For example, if we would like to look at some cells belonging the the MoreIsLess project, we write 8
and press Enter. Next cellpy
needs you to confirm that the project name is correct (shown in square brackets) by pressing Enter again. If you want to change the name, you can also give it here.
Choose from 1, 2, 3, 4, 5, 6, 7, 8, 9 [1]: 8 ⏎
project_name [MoreIsLess]:
However, in this example we will chose to create a new directory (“project”) by selecting the default (by just pressing enter).
Choose from 1, 2, 3, 4, 5, 6, 7, 8, 9 [1]: ⏎
New name [cellpy_project]:
Write my_project
and press Enter. Confirm the project name by pressing Enter once more:
New name [cellpy_project]: my_project ⏎
created my_project
project_name [my_project]: ⏎
Next we need to provide a session id (for example the batch name used in your db). Here we chose to call it experiment_001
:
session_id: experiment_001 ⏎
cellpy
then asks you to confirm the version of cellpy
you are using (not all templates works with all versions), author name (your user name most likely), and date. Accept all by pressing Enter for each item.

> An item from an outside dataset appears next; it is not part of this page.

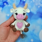 Measurement: If you use the recommended yarn and hook, the cow will be about 25 cm (9.8 inches) tall when standing and 19.5 cm (7.6 inches
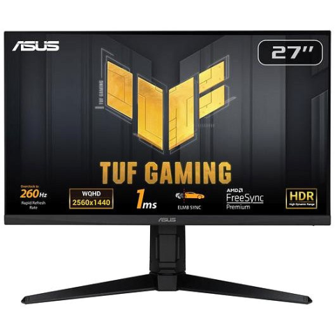 Monitor - IPS, Quad HD, 2560 × 1440 (16:9), 260 Hz, matt kijelző, 10 bit, 1 ms, G-Sync-kompatibilis, állítható magasság, hangszórók, HDMI és DisplayPort, VESA Éld át kedvenc játékaidat minőségi Quad HD (2560 × 1440) felbontásban a remek 27" ASUS LCD monitorral! A sima kép biztosításához IPS panellel rendelkezik 260 Hz képfrissítési sebességgel és 1 ms válas

cellpy_version [1.0.0a]: ⏎
author_name [jepe]: ⏎
date [2023-01-18]: ⏎
Next cellpy
will suggest a name for the directory / folder that the template will create, as well as the “core” name of the notebook(s) (or script). Once again, confirm the by pressing Enter:
experiment_folder_name [2023_01_18_experiment_001]: ⏎
notebook_name [experiment_001]: ⏎
Under the hood, cellpy
uses cookiecutter
to download and create the structure from the template:
Cellpy Cookie says: 'using cookie from the cellpy_cookies repository'
Cellpy Cookie says: 'setting up project in the following directory: C:\cellpy_data\notebooks\my_project\2023_01_18_experiment_001'
created:
2023_01_18_experiment_001/
00_experiment_001_notes_home.ipynb
01_experiment_001_loader.ipynb
02_experiment_001_life.ipynb
03_experiment_001_cycles.ipynb
04_experiment_001_ica.ipynb
05_experiment_001_plots.ipynb
data/
external/
interim/
processed/
raw/
out/
note.md
Congratulations - you have succesfully created a directory structure and several jupyter
notebooks you can use for processing your cell data!
Run the notebooks
Start jupyter
(either jupyter notebook or jupyterlab). If you want, there exists a cellpy
command for this as well. The benefit is that it starts up the jupyter
server in the correct directory. Obviously, this will not work if you dont have jupyter
properly installed.
In a command window / shell in the python or conda environment where cellpy
is installed, write:
> cellpy serve -l ⏎
The -l
option means that you want to run jupyterlab
. You can also tell cellpy
to automatically start jupyter
after it has finished populating stuff from the template by issuing the -s
option when you run the new
sub-command.
Hopefully you will see something like this:

More in-depth on the templating system
Get some help:
> cellpy new --help ⏎
Usage: cellpy new [OPTIONS]
Set up a batch experiment (might need git installed).
Options:
-t, --template TEXT Provide template name.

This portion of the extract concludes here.